Since the Chinese tsv file does not contain any English content, Chinese characters in Chinese English are used for replacing English letters in the blank pipe speech, for example, EU is used for replacing Chinese characters in Chinese English. A deep learning framework is used for building an encoder of a self-attention mechanism, and a test result is obtained by entering model inference.
The self-Attention model is from the Google team, and in the paper "Attention is all your needed" published by Ashish Vaswani et al in 2017, as shown in FIG. 14, the part used in the present invention is the left encoding part, and the right decoding part is not involved.
The attention mechanism used by the language model can be described as a process of mapping from query (query), key-value pairs (key-value pairs) to some output, where query, key and value up to the last output are in the form of a numerical vector, and the output is represented as a weighted sum of a series of values, and the weight of each value is obtained by the compatibility relationship between query and key. The expression of the attention mechanism in the text can be understood as the light color shown in fig. 15, wherein the darker content of the 1-star rating is expressed by words with a tendency to be dislike, and the darker content of the 5-star rating is expressed by words with a tendency to be liked, and the relationship between the context semantics can be found with a shorter time consumption from the attention mechanism.
The language model based on the air traffic control-pilot examines the semantic relation between contexts by inputting pinyin and tones obtained from voice recognition and taking the pinyin with the tones as special characters. In order to extract semantic content more accurately, a multi-head mechanism is generally adopted to perform parallel weight calculation, calculation is performed only in different projection modes of each head, then calculation results of a plurality of heads are connected to perform unified calculation, and the multi-head mechanism can capture the language order major-predicate logic relationship of the context.

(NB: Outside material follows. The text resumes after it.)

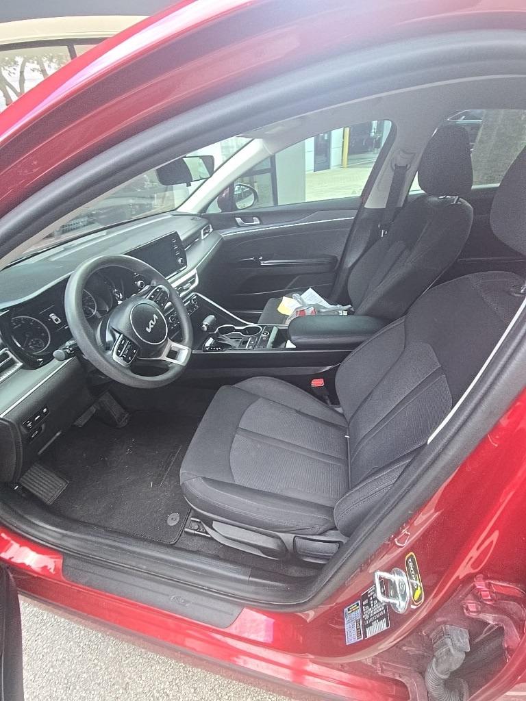 2022 Kia K5 LXS Beautifully finished in Passion Red with Black Cloth interior. I4 4D Sedan FWD 8-Speed Automatic **ONE OWNER**, **LOCAL TRADE**, **CLEAN CARFAX**, **MUST SEE TO APPRECIATE**, **EXTRA CLEAN**, 4-Wheel Disc Brakes, 6 Speakers, ABS brakes, Air Conditioning, Alloy wheels, AM/FM radio, Auto High-beam Headlights, Automatic temperature control, Brake assist, Bumpers: body-color, Carpeted Floor Mats, Cloth Seat Trim, Delay-off headlights, Driver door bin, Driver vanity mirror, Dual front impact airbags, Dual front side impact airbags, Electronic Stability Control, Four wheel independent suspension, Front anti-roll bar, Front Bucket Seats, Front Center Armrest, Front dual zone A/C, Front reading lights, Fully automatic headlights, Heated door mirrors, Illuminated entry, Knee airbag, Low tire pressure warning, Occupant sensing airbag, Outside temperature display, Overhead airbag, Overhead console, Panic alarm, Passenger door bin, Passenger vanity mirror, Power door mirrors, Power steering, Power windows, Radio data system, Radio: AM/FM/MP3 Audio System, Rear anti-roll bar, Rear seat center armrest, Rear side impact airbag, Rear window defroster, Remote keyless entry, Security system, Speed control, Speed-sensing steering, Split folding rear seat, Steering wheel mounted audio controls, Tachometer, Telescoping steering wheel, Tilt steering wheel, Traction control, Trip computer, Variably intermittent wipers, Wheels: 6.5J x 16" Gray Alloy. CARFAX One-Owner. Clean CARFAX. Priced below KBB Fair Purchase Price! 27/37 City/Highway MPG

The file in the hdf5 format is a common cross-platform data storage file, the file in the hdf5 format is used as a configuration file for model parameters in both the voice model and the language model, in the training process of the voice model and the language model, a training time point checkpoint is set, for example, a time point is set every 1 minute, for each training time point, a save _ weights function of Tensflow is adopted to record the parameter value of each neuron in each layer of the model at the time point, and the parameter value is structurally stored in the hdf5 file. The speech model training parameters are stored under the "logs _ am/" folder (and similarly, the language model training parameters are stored under the "logs _ lm/" folder), and after model training is complete (e.g., for 1 hour), both folders will have 60 hdf5 files. When model inference is actually used, the hdf5 file of the last time point is used, and the trained voice model and language model can be directly used for inference by loading the weight files through the load _ weights function in Tensflow without repeated training. The hdf5 file is used as a configuration file, belongs to a text form, and can realize communication and interaction of model weights through air-ground data chain transmission, so that an airplane airborne model can receive the latest training configuration parameters on the ground at any time and update the latest training configuration parameters to a newly trained model for reasoning, and further the deployment of a lightweight deep learning model is realized. All deep learning training processes are put into the ground server to operate, the airplane can automatically update the airborne deep learning model only by acquiring the hdf5 configuration file sent by the ground server in a data chain communication mode, and the reasoning generalization capability is improved. Therefore, various display cards or other additional computing training equipment are prevented from being additionally arranged in the airborne equipment, and the airworthiness problem of computer deployment of the large-scale computing equipment is avoided.
3. Speech recognition model reasoning
The inference process of the voice recognition model (namely the voice model + the channel design scheme of the language model) is to deploy the HDF5 format weight file which has completed the model training in the step 2 on the airborne equipment such as the ground air traffic control server and the flight management computer/electronic flight bag. According to the strict requirements of DO160 on the reliability and safety of the on-board computer, the more characteristics of the on-board computer cause more error possibility and more difficult verification, so that the on-board computer can only use a CPU with lower computing performance but higher reliability for computing at present, and in order to achieve the reasoning effect of real-time performance, the weight storage of the HDF5 format adopted by the invention is generally not more than 50M and can be suitable for the limited performance of the on-board computer.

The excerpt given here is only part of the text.